É tanto material... Coisinha por coisinha, ato por ato. A procura por encaixar mais um negocinho, por encapsular mais outro, pendurar outro tanto, cobrir sem manto. Perdurar sem sujar. Uma vontade de digerir tudo, não deixar mais nadinha boiando nesse mar, se acumulando nessa terra, vazando nessa atmosfera. Que triste embalo do consumo e do real. Dinheiro irreal. Realidade matreira. Verdade que significa só para alguns. Insignificância que ganha os corações de quem tem gana para brigar com a dor e a destruição, a riqueza e a escavação de um futuro de enterramentos e internamentos.

Tirei foto com o Hélio. A Efigênia não quis ir na abertura da exposição no MAC-MON (Aliás, cadê o MAC, gente?). Pensemos aqui com nossos botões, ajudados pelo Hélio, o porquê de Efigênia não ter ido. Mobilidade, idade. Já imaginou o tanto de gente querendo tirar foto? O instinto que extingue o bom senso, estimulado por redes sociais, não poupa ninguém. Pensei com uma amiga: Efigênia teria que estar longe da muvuca. Foto de longe? No pedestal? No alto?

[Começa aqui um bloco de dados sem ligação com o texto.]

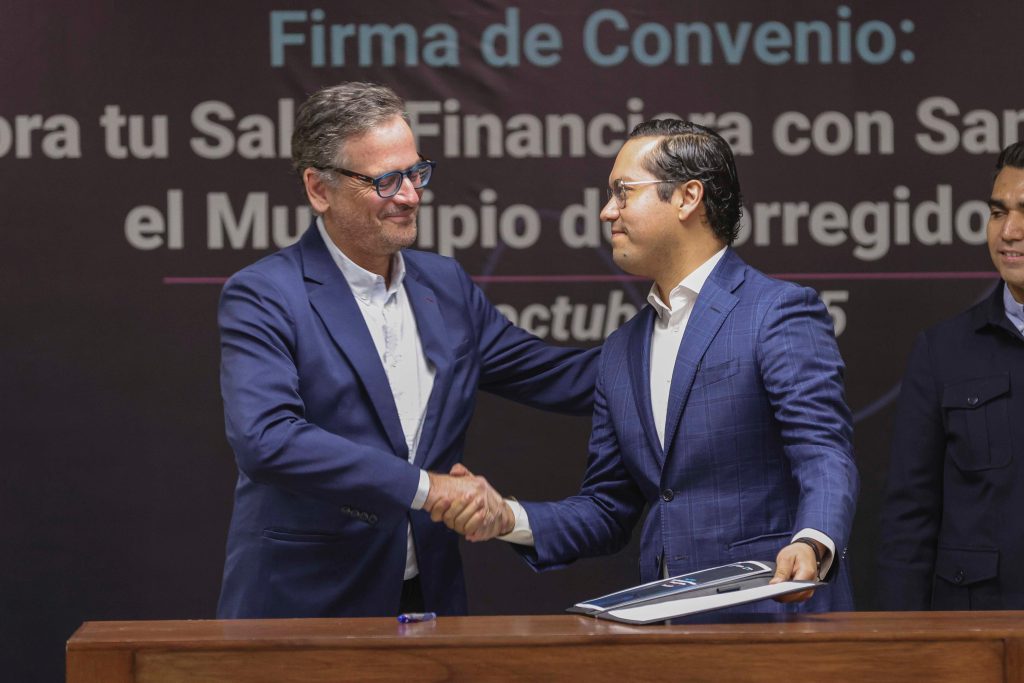 El presidente municipal de Corregidora, Chepe Guerrero y el director ejecutivo de distribución y regionalización de banco Santander México, Antonio Basagoiti, firmaron un convenio para la entrega de mil becas “Salud Financiera” para universitarios, esta iniciativa promueve una mejor administración del dinero, el ahorro y el uso responsable del crédito.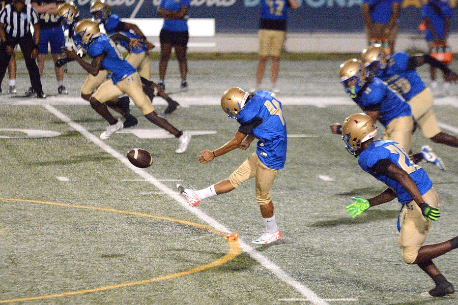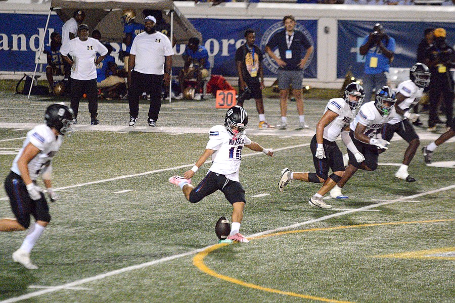 Mainland's Chris Butler punts the ball. Photo by Keishia McLendon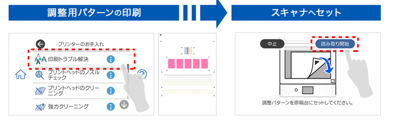 お手入れメニューから調整パターンを1枚印刷して、スキャナーに読み込ませるだけで、今までお客様が目視で行っていた画質調整をプリンターが自動で実施。ノズル抜けや横スジ、ぼやけなどの印字トラブル解決が簡単になりました。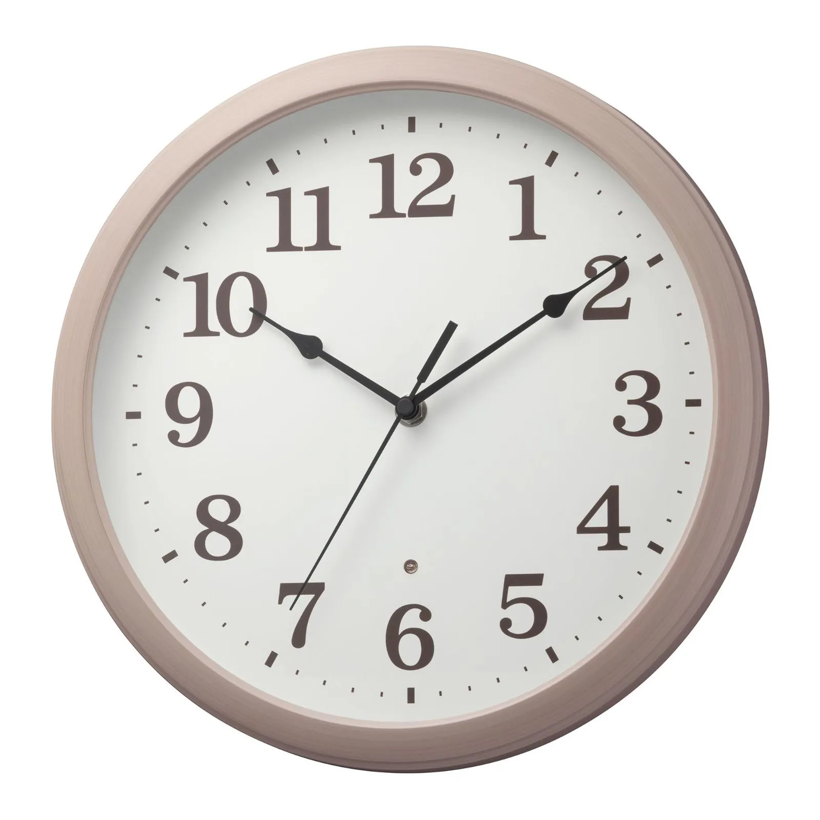 【新着商品】掛け時計 アナログ クオーツ時計 静音 連続秒針 リズム(RHYTHM) 暗所 ライト 自動点灯 見やすい フォント 木目調 おしゃれ なグレイッシュカラー ピンク Φ30x5.1cm 8MGA41ND13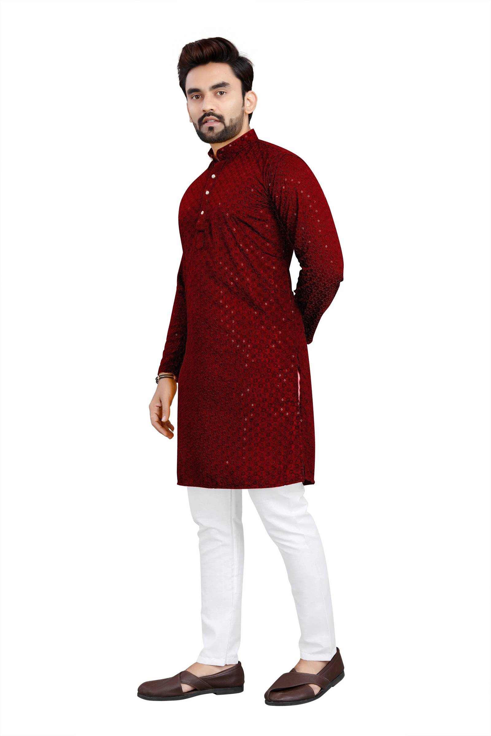 Elevate your ethnic wardrobe with our stunning Chikan Embroidered Work Kurta, made from viscose rayon fabric for a soft and breathable feel. This mandarin collar kurta features a stylish button-down front, full sleeves, and convenient side slits for ease of movement. With two practical pockets on the sides, it combines functionality with elegance, making it perfect for festive occasions or casual outings.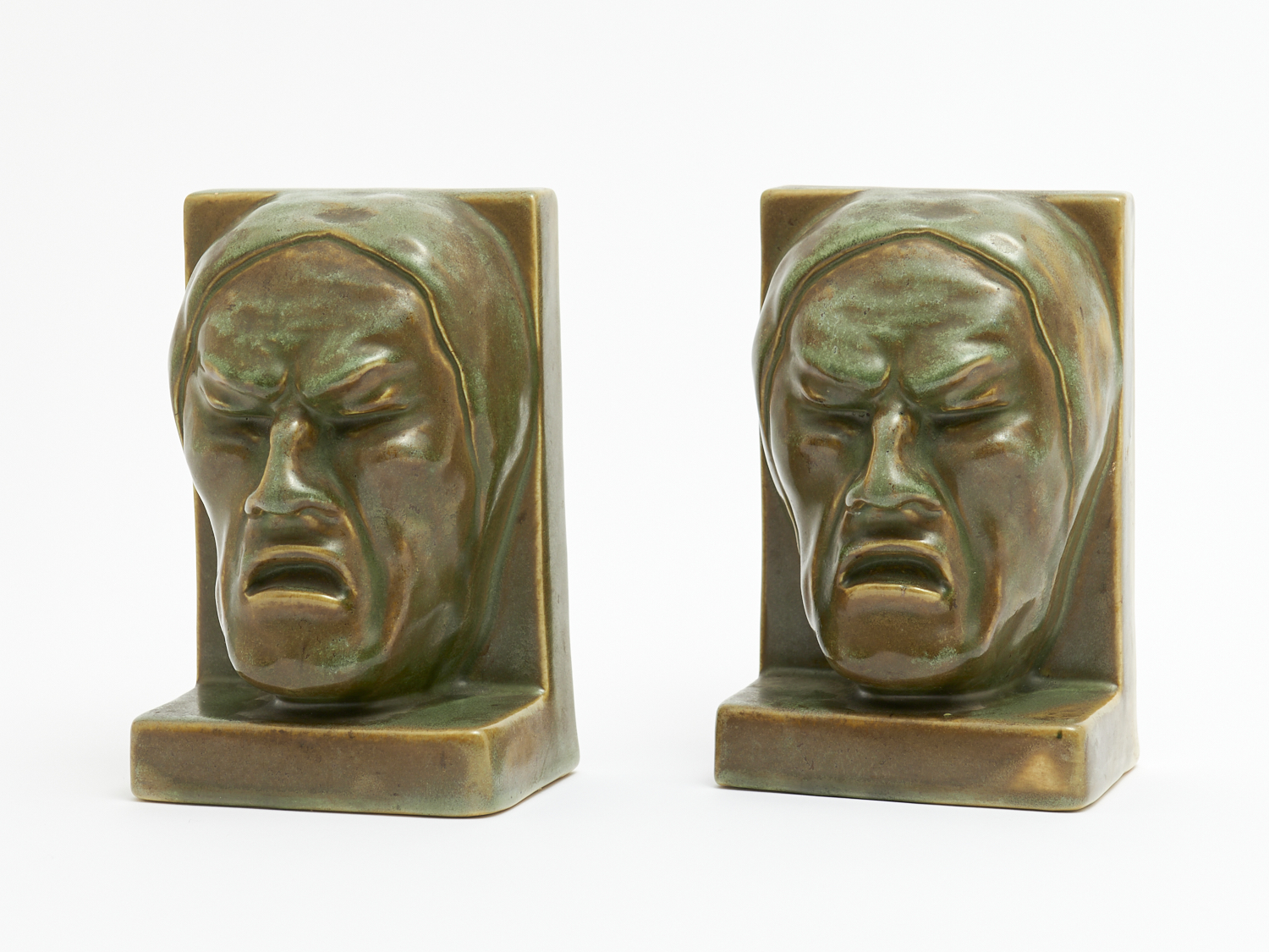 A PAIR OF MELROSE WARE "TRAGEDY", GREEN GLAZED POTTERY BOOKENDS, STAMPED "MELROSE WARE, AUSTRALIAN" H.17.3CM, LEONARD JOEL LOCAL DELIVERY: SMALL

A rainha não gostaria. Ela parece gostar de gente, mas haja paciência e ânimo para corresponder às expectativas dos chatos de plantão, dos arrumadinhos cheios de chavões.

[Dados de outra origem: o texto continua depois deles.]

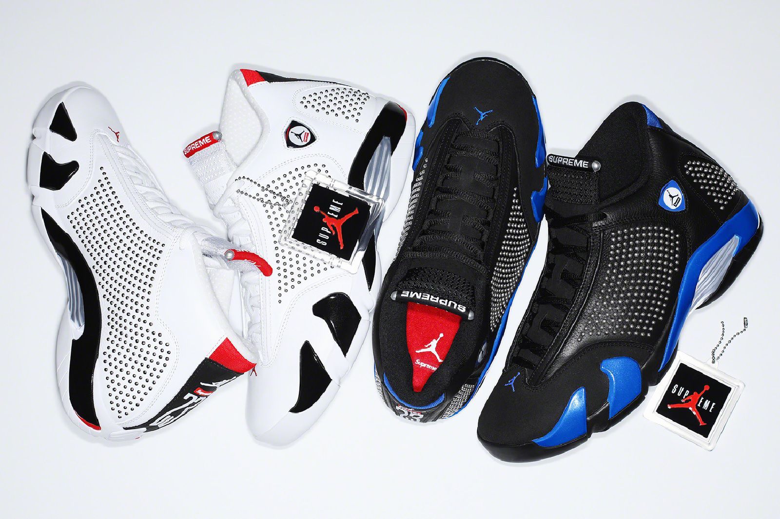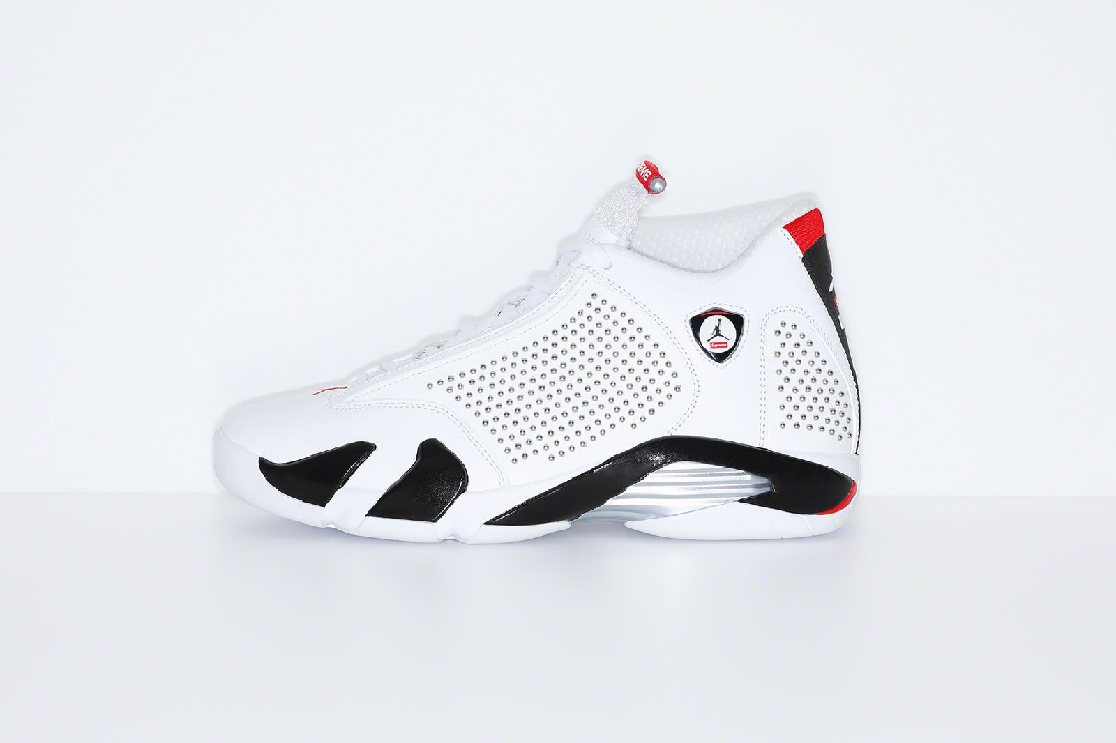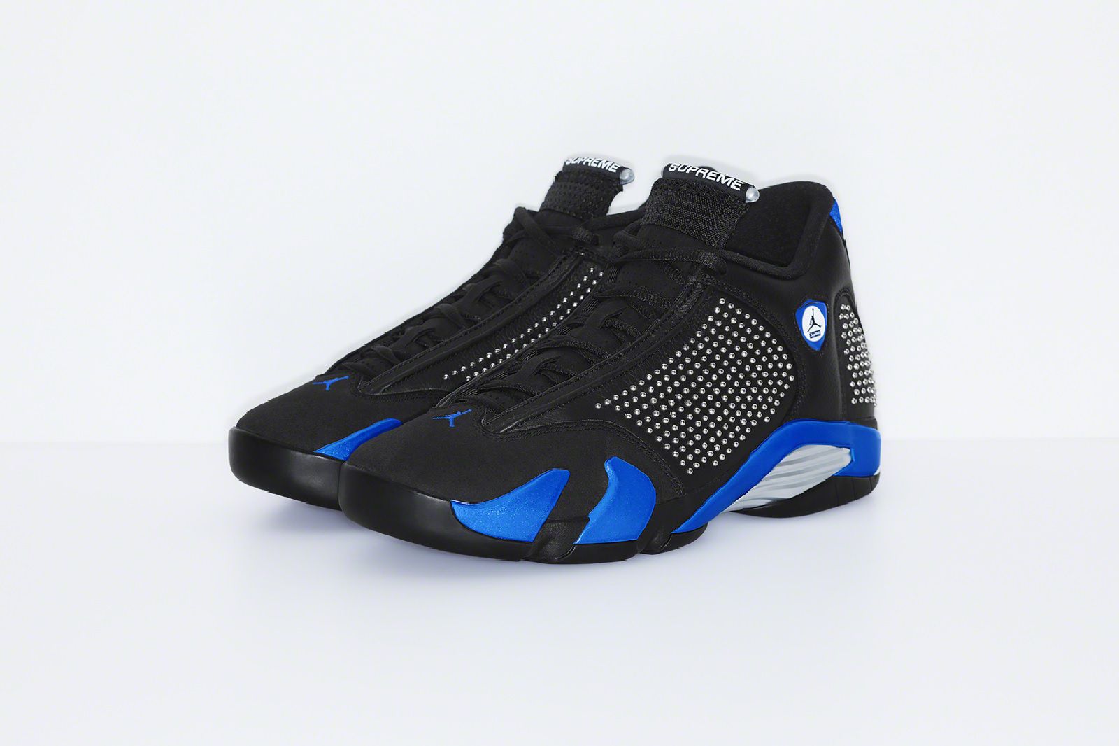 Dopo una prima collaborazione nel 2015, che comprendeva diverse varianti di Jordan V e alcuni capi d’abbigliamento, Supreme NY torna ad unire le forze con Jordan Brand e svela una nuova Air Jordan XIV. La sneaker, un culto da quando l'ha indossata Michael Jordan durante il "Game 6" delle finals NBA del 14 giugno 1998, è ispirata alla passione di MJ per la sua Ferrari 550 Maranello ed ora torna ora con un look ancora più deciso. La tomaia è in pelle e nabuk con borchie metalliche e accenti di rosso; pannelli a contrasto dell'intersuola, linguetta in mesh; co-branding e “23” stampato sul tallone. Realizzata in esclusiva per Supreme NY, l'Air Jordan XIV sarà proposta in due varianti di colore e sarà disponibile nei negozi di New York, Brooklyn, Los Angeles, Londra, Parigi e online il 13 giugno; in Giappone arriverà solamente il 16 giugno. Il prezzo previsto dovrebbe essere circa $248.

Tava cheio, querida Efigênia. Ainda bem que você não foi. Não sei se você gostaria de enxergar suas peças ali na sala do museu, arrumadas como para uma feira. Que se fizesse uma feira no gramado do Museu, então. Muito mais escape e retina ao ar livre. Mais lugar para o olhar passear e ir pousando aos poucos. Mais fácil para descobrir cada peça no chão verde, no céu azul, no ar descondicionado, cheirando a mijinho do parcão.

Não sei mesmo, Efigênia, se você gostaria desse tudo junto na salona, na caixa sem asas. Os sapatos que já voaram da função bem poderiam ter sido colocados separados. Cada um num ninho, num nicho, num belo lixo e não ali servidos numa plataforma, numa mesa que não encaminha olhar, que faz caminha para exposição em série, que amortece a queda necessária.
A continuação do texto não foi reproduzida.